The 65-foot Ann Marie, owned by Luedtke Engineering of Frankfort, Mich., was reported sunk at the Bay Aggregates dock in Bay City at about 0800 on Dec. 13, said Lt. Justin Westmiller of Coast Guard Sector Detroit. The tug was tied up for the winter after being used in a dredging project on the river by the Army Corps of Engineers.
Westmiller said Ann Marie sank in about 25 feet of water sometime late in the evening of Dec. 12 or early the next morning. Employees of Bay Aggregates reported the sinking while making their first inspection of the yard Dec. 13.
“They had made their rounds earlier that day (Dec. 12) and nothing was reported out of place,” Westmiller said.
The tug was refloated on Dec. 17, but investigators could not immediately determine what had caused it to take on water.
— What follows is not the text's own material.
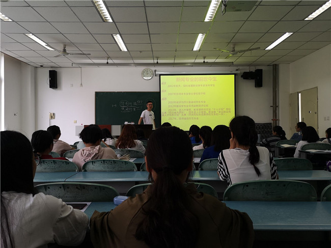 在专业负责人解读完人才培养方案之后,各课程老师围绕专业介绍、如何学习专业、专业未来方向这三方面进行展开导论,刘传启等三位老师对师范生语言及汉语教学类专业课程进行了介绍,邓芳等五位老师等则对师范生文学类专业课程进行了介绍,学院新闻专业负责人廖建国讲述了新闻学专业的前世今生,杨晓军老师则对新媒体行业进行了简要介绍。学院的专业导论课还邀请了相关专业行业专家以及学院高年级优秀的师兄师姐与新生进行交流。

There were no reports of damage to the vessel before it was laid up for the winter, Westmiller said.
“We never found a cause, an easy cause, as to why it sank,” he said. “Once we pumped all the water out, she floated fine. There’s a couple of different possibilities, but we don’t want to speculate at this point. The easy explanation — that the hull was holed or something like that — it was not the case.”
Paul Luedtke, secretary and treasurer for Luedtke Engineering, said a strong storm passed through the region that weekend, but the company had not determined if that was the cause. The National Oceanic and Atmospheric Administration reported wind gusts in the area as high as 45 knots on Dec. 12.
“Right now as far as I know it’s all speculation,” Luedtke said. “There was nobody there physically watching it to see what happened.”
Eight hundred to 900 gallons of diesel fuel leaked from Ann Marie after it sank, Westmiller said. Crews from Young’s Environmental Cleanup Inc. of Grand Rapids deployed two booms to contain the spill and absorb the fuel while divers sealed the tug’s tank. Some of the fuel that leaked was locked in ice on the surface of the river.
“We recovered upwards of 300 to 400 gallons from the surface,” Westmiller said. “We also recovered quite a bit of ice that was contaminated with fuel. We cut that into sections and removed it.”
Another Luedtke tug, the 55-foot Karl E. Luedtke, was brought in to break the ice and keep the water open during the salvage operation. The company used a land crane and a derrick barge to lift the 81-ton tug to the surface after divers attached slings to its hull.